Three young research talents off to foreign top institutes thanks to Rubicon
Sandra Tijssen (ErasmusMC), Marcel Jonker (iBMG) and Annemieke Romein (ESHCC) will go to the United States and Belgium thanks to the programme Rubicon. They will research family-brain, patient preferences and policing the Low Countries.
Three researchers who have recently received their PhDs at Erasmus University can do their research at foreign research institutes thanks to a Rubicon grant from NWO. 22 proposals out of in total 78 are awarded.
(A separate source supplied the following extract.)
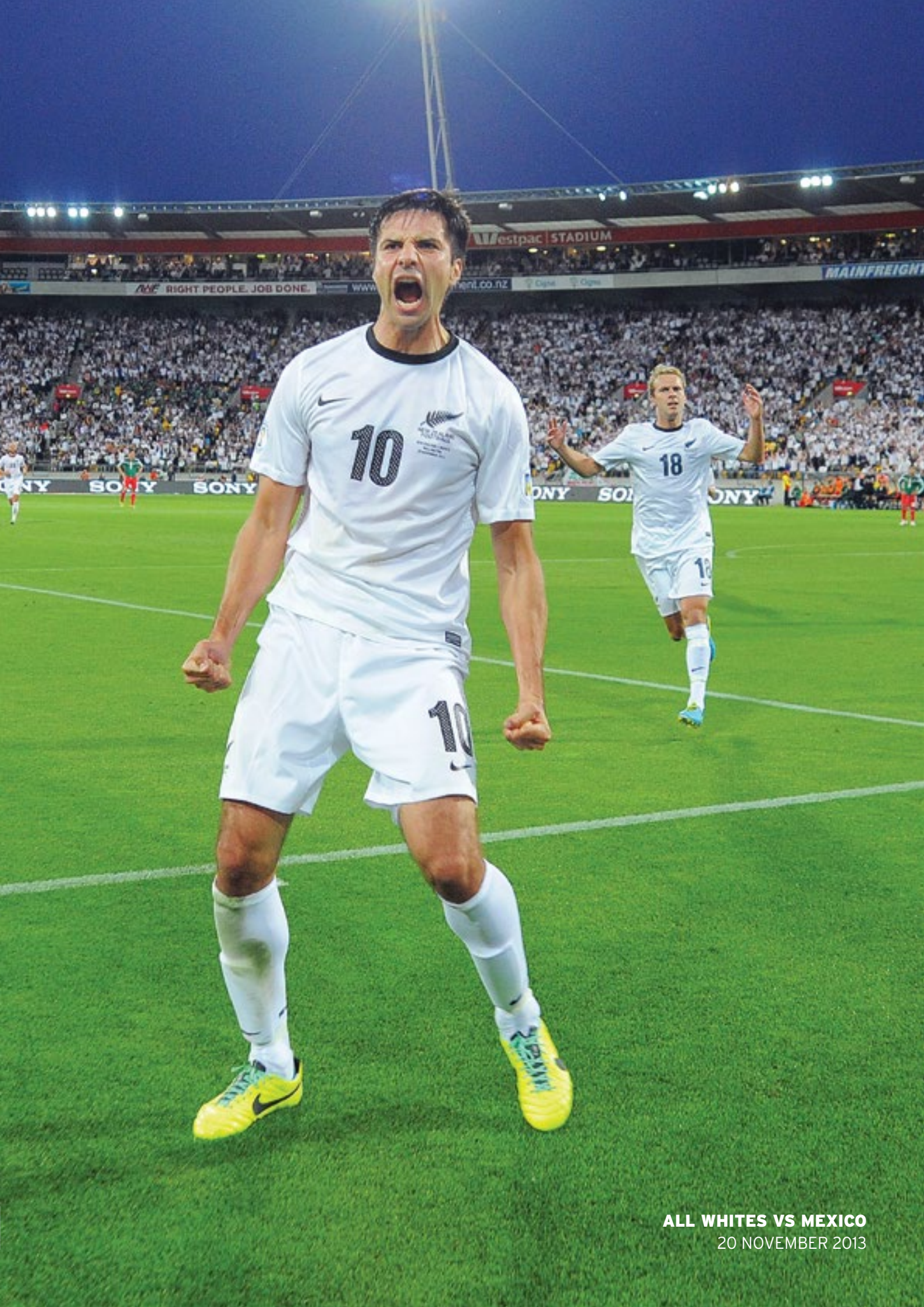
ALL WHITES VS MEXICO 20 NOVEMBER 2013

For many researchers, experience abroad is an important step in their career. The awards are for the third funding round of 2016.
Rubicon gives young, highly promising researchers the opportunity to gain international research experience.
A family-built brain
The family environment influences the development of children. However, we know little about the relation between family factors and brain development. Dr Sandra Thijssen will investigate whether family factors play a part in the brain processes related to the reward-oriented behaviour in children aged 9 and 10 years. She will go to University of Minnesota for 18 months
Individual patient preferences
Dr Marcel Jonker will do his reseach at Duke University for 24 months. Patient preferences for medical treatments form an important input for ‘Shared Decision Making’ in clinical practice. The aim of this research is to develop, statistically validate and apply a methodology to measure patient preferences at the individual level and to do this in three medical disciplines.
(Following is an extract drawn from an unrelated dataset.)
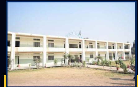
Al-Hamza Campus Location: Burma Town Classes: Nursery to 10th Dimension: 43,520 Square Feet Rooms: 28 Bright & Well Ventilated Rooms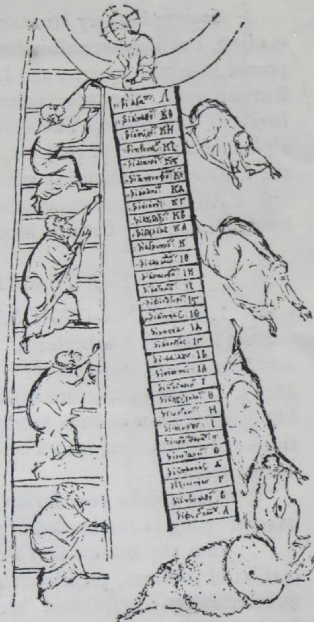
The Ladder of ascent to heaven -- from an ancient manuscript

Policing the Low Countries
Dr Annemieke Romein will go to the Institute for Early Modern History at Gent University for 24 months. Using approaches from political-institutional history and legal history, she will investigate how the Flemish and Dutch provincial and town governments interacted during the period 1579-1701 to facilitate order and safety, enforce the law and protect the state.
The Rubicon programme is named after the river Julius Caesar crossed after his series of victories, which ultimately led to his declaration ‘veni, vidi, vici’.